(Dataset items)

★ ★ ★ ★ ★

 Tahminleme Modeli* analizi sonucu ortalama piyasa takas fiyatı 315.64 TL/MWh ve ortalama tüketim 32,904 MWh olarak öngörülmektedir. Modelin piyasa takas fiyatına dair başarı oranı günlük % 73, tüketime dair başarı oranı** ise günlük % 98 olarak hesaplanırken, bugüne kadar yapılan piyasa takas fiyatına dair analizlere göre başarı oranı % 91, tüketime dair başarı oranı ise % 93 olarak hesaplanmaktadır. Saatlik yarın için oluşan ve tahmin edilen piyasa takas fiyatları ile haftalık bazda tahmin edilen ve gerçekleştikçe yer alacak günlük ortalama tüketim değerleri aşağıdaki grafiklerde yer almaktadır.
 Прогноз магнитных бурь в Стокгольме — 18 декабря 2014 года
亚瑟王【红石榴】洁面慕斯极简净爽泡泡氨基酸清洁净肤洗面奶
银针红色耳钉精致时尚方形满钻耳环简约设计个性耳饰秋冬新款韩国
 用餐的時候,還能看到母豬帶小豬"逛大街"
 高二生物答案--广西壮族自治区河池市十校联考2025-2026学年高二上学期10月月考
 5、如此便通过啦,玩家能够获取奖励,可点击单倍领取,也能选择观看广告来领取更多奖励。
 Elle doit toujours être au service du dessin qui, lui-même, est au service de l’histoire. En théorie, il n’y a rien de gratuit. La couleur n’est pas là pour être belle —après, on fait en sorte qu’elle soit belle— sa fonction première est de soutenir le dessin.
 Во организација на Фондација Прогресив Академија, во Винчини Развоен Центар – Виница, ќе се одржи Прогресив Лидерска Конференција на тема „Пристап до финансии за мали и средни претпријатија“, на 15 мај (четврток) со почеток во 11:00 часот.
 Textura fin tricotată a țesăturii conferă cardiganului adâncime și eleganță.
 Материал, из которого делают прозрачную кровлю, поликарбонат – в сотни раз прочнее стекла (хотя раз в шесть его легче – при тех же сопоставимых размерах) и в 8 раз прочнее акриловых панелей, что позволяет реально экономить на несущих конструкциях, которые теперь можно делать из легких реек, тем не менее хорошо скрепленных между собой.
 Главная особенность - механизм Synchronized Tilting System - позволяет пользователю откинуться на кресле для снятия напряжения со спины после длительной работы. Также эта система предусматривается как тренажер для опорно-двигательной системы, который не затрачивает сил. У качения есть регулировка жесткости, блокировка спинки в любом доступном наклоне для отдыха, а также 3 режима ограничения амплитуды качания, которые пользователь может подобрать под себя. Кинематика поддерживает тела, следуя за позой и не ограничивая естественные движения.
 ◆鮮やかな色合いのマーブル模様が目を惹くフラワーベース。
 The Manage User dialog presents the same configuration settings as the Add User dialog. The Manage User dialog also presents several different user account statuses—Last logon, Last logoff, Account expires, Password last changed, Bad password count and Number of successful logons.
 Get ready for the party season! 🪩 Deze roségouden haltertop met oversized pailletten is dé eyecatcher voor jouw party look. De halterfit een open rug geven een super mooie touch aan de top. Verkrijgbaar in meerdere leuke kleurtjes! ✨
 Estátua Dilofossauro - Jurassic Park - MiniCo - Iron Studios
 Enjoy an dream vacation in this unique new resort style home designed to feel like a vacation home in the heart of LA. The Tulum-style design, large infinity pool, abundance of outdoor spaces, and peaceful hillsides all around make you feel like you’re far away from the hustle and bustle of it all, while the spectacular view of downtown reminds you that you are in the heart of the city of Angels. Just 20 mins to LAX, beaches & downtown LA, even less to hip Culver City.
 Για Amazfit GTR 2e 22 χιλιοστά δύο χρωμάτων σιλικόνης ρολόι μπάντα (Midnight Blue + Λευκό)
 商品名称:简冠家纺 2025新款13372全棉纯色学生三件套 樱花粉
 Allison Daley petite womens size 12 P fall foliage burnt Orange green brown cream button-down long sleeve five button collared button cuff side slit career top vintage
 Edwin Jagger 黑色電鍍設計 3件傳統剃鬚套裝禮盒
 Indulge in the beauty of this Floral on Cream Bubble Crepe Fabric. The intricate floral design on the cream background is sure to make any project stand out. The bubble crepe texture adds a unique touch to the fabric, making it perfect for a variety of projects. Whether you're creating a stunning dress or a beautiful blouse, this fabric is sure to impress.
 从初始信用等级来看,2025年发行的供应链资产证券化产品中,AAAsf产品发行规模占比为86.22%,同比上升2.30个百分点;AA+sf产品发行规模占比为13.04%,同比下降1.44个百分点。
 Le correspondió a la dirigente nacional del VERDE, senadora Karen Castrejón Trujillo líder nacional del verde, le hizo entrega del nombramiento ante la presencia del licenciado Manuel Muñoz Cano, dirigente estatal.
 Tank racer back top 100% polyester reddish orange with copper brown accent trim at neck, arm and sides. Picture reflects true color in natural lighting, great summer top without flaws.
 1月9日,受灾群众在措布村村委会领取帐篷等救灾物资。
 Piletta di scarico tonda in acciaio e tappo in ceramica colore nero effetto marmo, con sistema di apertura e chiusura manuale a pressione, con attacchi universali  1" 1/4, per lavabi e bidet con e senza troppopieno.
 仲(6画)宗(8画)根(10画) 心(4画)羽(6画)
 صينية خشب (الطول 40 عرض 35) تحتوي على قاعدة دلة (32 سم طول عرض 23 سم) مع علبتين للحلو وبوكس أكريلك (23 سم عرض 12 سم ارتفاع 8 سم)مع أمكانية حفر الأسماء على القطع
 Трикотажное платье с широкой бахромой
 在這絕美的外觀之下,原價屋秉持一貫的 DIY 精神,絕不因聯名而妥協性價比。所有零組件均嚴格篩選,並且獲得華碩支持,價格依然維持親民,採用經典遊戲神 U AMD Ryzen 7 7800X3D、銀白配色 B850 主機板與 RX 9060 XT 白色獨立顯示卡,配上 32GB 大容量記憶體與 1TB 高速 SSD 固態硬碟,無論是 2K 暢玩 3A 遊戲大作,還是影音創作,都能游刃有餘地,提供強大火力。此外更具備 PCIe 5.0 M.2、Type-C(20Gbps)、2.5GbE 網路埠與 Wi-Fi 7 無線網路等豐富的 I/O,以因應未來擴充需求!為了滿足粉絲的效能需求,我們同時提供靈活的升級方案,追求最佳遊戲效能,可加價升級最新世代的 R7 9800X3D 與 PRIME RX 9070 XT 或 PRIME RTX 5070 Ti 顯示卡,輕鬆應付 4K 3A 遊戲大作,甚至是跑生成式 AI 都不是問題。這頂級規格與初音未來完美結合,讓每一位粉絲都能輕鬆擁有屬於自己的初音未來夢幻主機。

★ ★ ★ ★ ★

### What you need to do
Could you reproduce exactly the lines of the entries above, from the one with "صينية خشب (الطول" through the one with "Трикотажное платье с широкой бахромой", and nothing else?

### Solved problem
 صينية خشب (الطول 40 عرض 35) تحتوي على قاعدة دلة (32 سم طول عرض 23 سم) مع علبتين للحلو وبوكس أكريلك (23 سم عرض 12 سم ارتفاع 8 سم)مع أمكانية حفر الأسماء على القطع
 Трикотажное платье с широкой бахромой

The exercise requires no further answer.